La società resiste con controricorso, illustrato con memoria, e chiede dichiararsi inammissibile e, comunque, rigettarsi il ricorso;

propone contestualmente ricorso incidentale condizionato sulla base di due motivi.

I ricorsi vanno riuniti, essendo stati proposti avverso la medesima sentenza (art. 335 c.p.c.).

Con il primo motivo, la ricorrente deduce violazione e falsa applicazione degli artt. 2051 e 2697 c.c. nonchè illogica, contraddittoria e insufficiente motivazione e lamenta che la Corte territoriale avrebbe erroneamente escluso il carattere insidioso della situazione del fondo stradale sulla base delle foto prodotte dall’attrice, perchè sull’accertamento del nesso causale si sarebbe formato “il giudicato” per la mancanza di contestazioni della controparte e dato che, avendo dovuto la fattispecie essere disciplinata dall’art. 2051 c.c., come sempre invocato da essa ricorrente, sarebbe stato onere della P.A. liberarsi dalla responsabilità, provando il caso fortuito, essendo sufficiente per il danneggiato provare l’evento dannoso ed il nesso di causalità.

Il motivo, nelle sue varie articolazioni, ed i relativi quesiti – intrinsecamente formulati in modo inidoneo, mancando sia del richiamo alla fattispecie concreta, sia dell’indicazione delle regole che si assumono violate dal giudicante – si rivelano inammissibili. Le censure proposte muovono, infatti, da una ricostruzione non corretta della vicenda processuale e, quindi, si rivelano “non riferibili” alla sentenza impugnata. Anzitutto, non vi è stata l’ammissione di controparte (impropriamente definita “giudicato”) sull’evento dannoso e sul nesso di causalità: nell’esposizione della sentenza impugnata si legge chiaramente che la dante causa della società resistente aveva eccepito che non era stata definita la consistenza della buca, nè indicato il carattere insidioso di essa. Inoltre, la censura non è autosufficiente nella parte in cui non puntualizza se, quando ed in quali termini sia stata prospettata nei precedenti gradi la questione dell’applicabilità dell’art. 2051 c.c. non essendo a tal fine sufficiente il generico richiamo alla comparsa conclusionale innanzi al Tribunale.

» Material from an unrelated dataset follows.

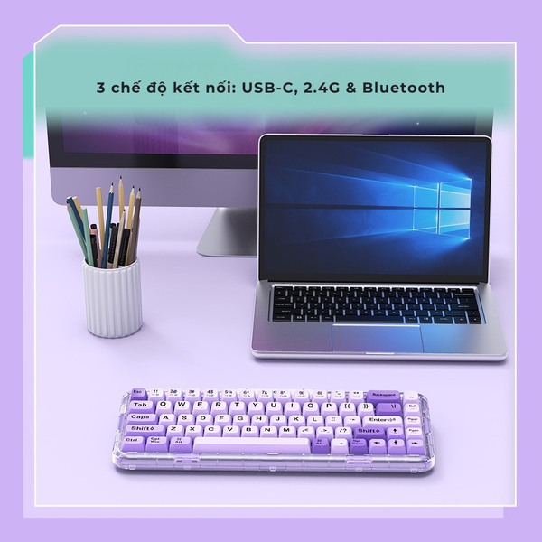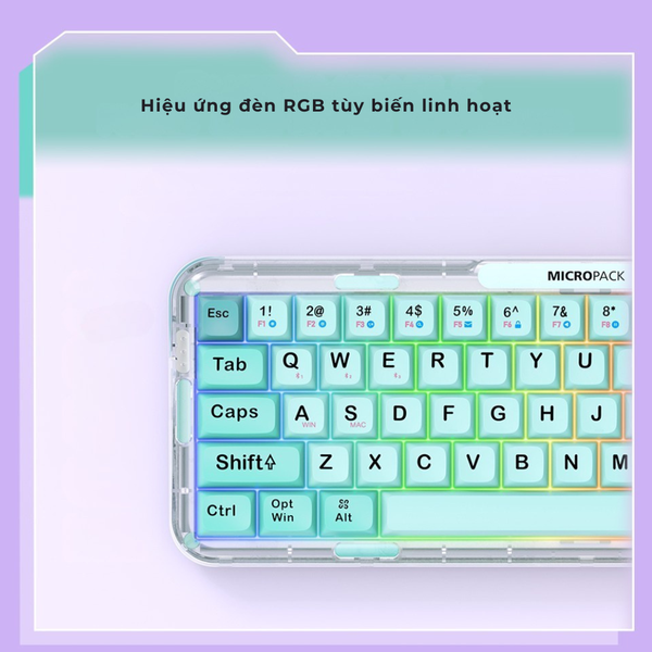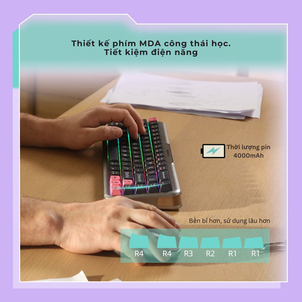 Nổi bật nhất là hệ thống đèn nền RGB 16 triệu màu, mỗi phím sẽ có ánh sáng riêng và có thể tùy chỉnh. Với 19 hiệu ứng ánh sáng khác nhau, người dùng dễ dàng cá nhân hóa bàn phím theo phong cách hay không gian làm việc, vừa hỗ trợ làm việc buổi tối vừa tạo cảm hứng sử dụng mỗi ngày.
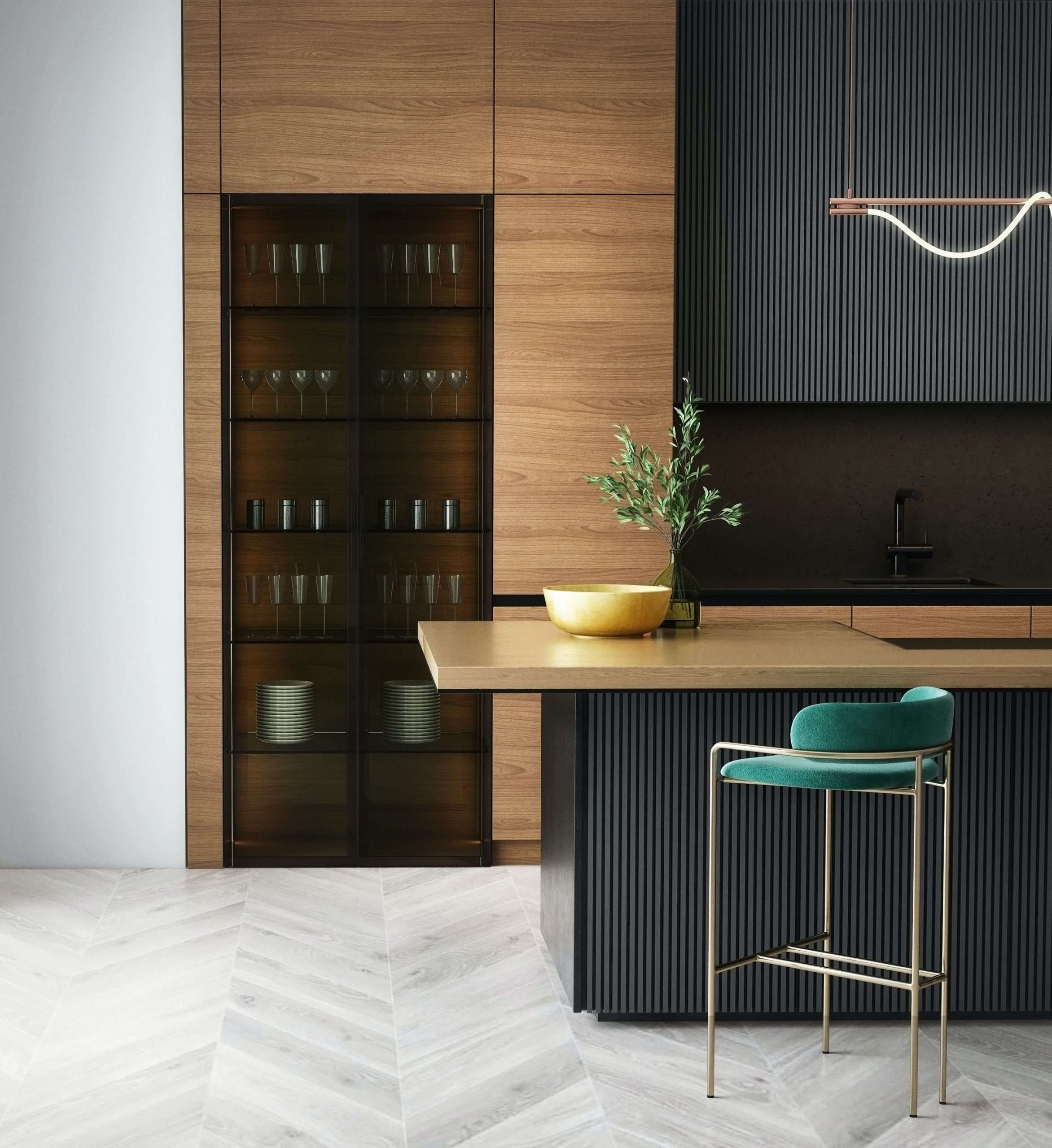 Modern, zeitlos und geradliniges Design entspricht dem Wunsch nach Zeitlosigkeit. Schwarz im Kontrast zu Eichenholz verleiht dem Gesamten Kontur. Ebenso sorgt ein individuelles konzipiertes Beleuchtungssystem zu jeder Zeit für eine helle, freundliche Atmosphäre. Der perfekte Rahmen für ein fröhliches Familienleben.

Con il secondo motivo, il ricorrente deduce violazione degli artt. 2043 e 2697 c.c. nonchè omessa motivazione su punto decisivo e formula i seguenti quesiti:

1. se sia vero che ai sensi dell’art. 2697 c.c., è chi vuoi far valere una circostanza in giudizio a dover fornire la prova della stessa e dunque era la HERA a dover fornire la prova che il ripristino del manto di asfalto non era stato ancora effettuato per validi motivi;

2. se sia vero che ai sensi dell’art. 2697 c.c. era la HERA a dover fornire la prova che l’illuminazione nel punto in cui ebbe a verificarsi il sinistro era sufficiente perchè la danneggiata potesse rendersi conto della buca esistente nel manto stradale;

3. se sia vero che l’affermazione “non mi sembra che la strada fosse illuminata” non può ragionevolmente essere interpretata nel senso che la strada fosse illuminata;

4. se sia vero che l’affermazione “l’incrocio era illuminato ma non il punto … ove cadde la ciclista” deve essere interpretato nel senso che quel “punto” non era illuminato e il giudice non può, senza averne gli elementi, ritenere che l’illuminazione posta a venti metri di distanza fosse sufficiente a consentire alla ciclista l’avvistamento della buca;

5. se sia vero che la HERA S.p.A. non è un ente pubblico;

6. se sia vero che chi ha l’incarico di effettuare lavori su un ben determinato tratto di strada, come la HERA, non può invocare la caratteristica della “notevole estensione” della cosa;

7. se sia vero che chi utilizza, come nella specie la HERA, un “materiale di per sè incoerente” per ricoprire uno scavo, può e deve prevedere che lo stesso possa facilmente sgretolarsi, aprendo, imprevedibilmente, buche nella sede stradale, con immanente pericolo per gli utenti della medesima, soprattutto per i ciclisti.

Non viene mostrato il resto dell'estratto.